## AVAILABLE RECORDS
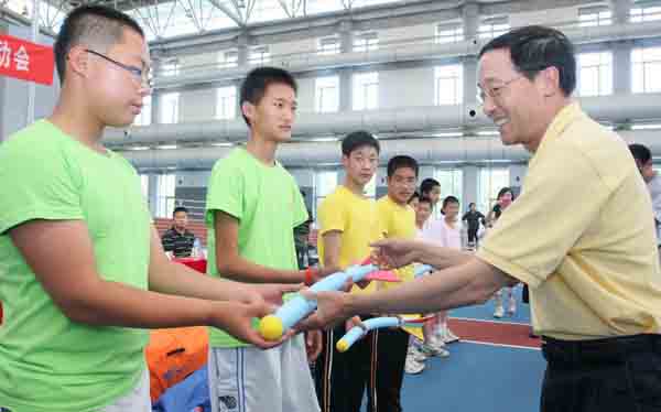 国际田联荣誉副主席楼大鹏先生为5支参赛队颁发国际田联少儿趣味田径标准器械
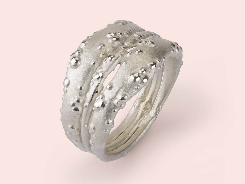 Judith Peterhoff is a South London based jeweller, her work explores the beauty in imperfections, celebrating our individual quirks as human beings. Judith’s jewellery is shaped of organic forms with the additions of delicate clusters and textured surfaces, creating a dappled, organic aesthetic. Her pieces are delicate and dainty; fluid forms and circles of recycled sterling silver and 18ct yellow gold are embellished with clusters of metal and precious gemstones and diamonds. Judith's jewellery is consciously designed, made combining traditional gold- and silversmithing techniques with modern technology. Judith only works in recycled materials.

* * *

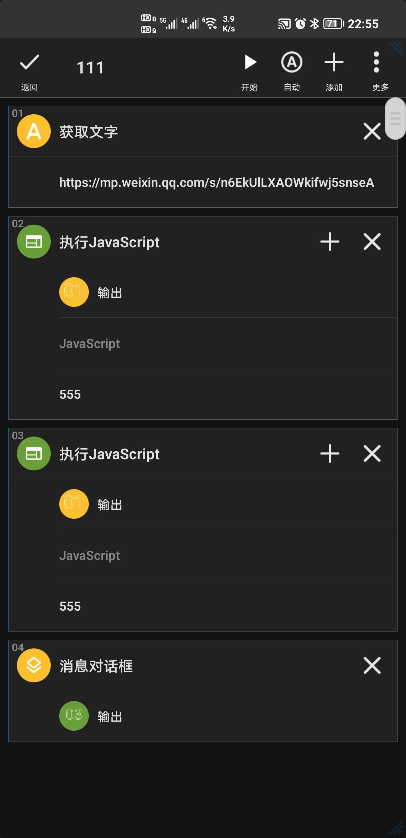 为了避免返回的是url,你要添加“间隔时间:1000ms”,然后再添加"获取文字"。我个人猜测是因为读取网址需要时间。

==

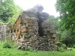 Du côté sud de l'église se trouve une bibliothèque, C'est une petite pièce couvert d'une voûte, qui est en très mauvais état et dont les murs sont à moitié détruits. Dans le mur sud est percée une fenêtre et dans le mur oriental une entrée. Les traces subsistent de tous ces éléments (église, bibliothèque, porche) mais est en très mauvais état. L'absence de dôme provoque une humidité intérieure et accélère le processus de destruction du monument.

## ACTIVITY
Look above for the line with "国际田联荣誉副主席楼大鹏先生为5支参赛队颁发国际田联少儿趣味田径标准器械" and the line with "Judith Peterhoff is", then copy them and all lines in between exactly as written, and only those, without any pictures.

## ANSWER BELOW
 国际田联荣誉副主席楼大鹏先生为5支参赛队颁发国际田联少儿趣味田径标准器械
 Judith Peterhoff is a South London based jeweller, her work explores the beauty in imperfections, celebrating our individual quirks as human beings. Judith’s jewellery is shaped of organic forms with the additions of delicate clusters and textured surfaces, creating a dappled, organic aesthetic. Her pieces are delicate and dainty; fluid forms and circles of recycled sterling silver and 18ct yellow gold are embellished with clusters of metal and precious gemstones and diamonds. Judith's jewellery is consciously designed, made combining traditional gold- and silversmithing techniques with modern technology. Judith only works in recycled materials.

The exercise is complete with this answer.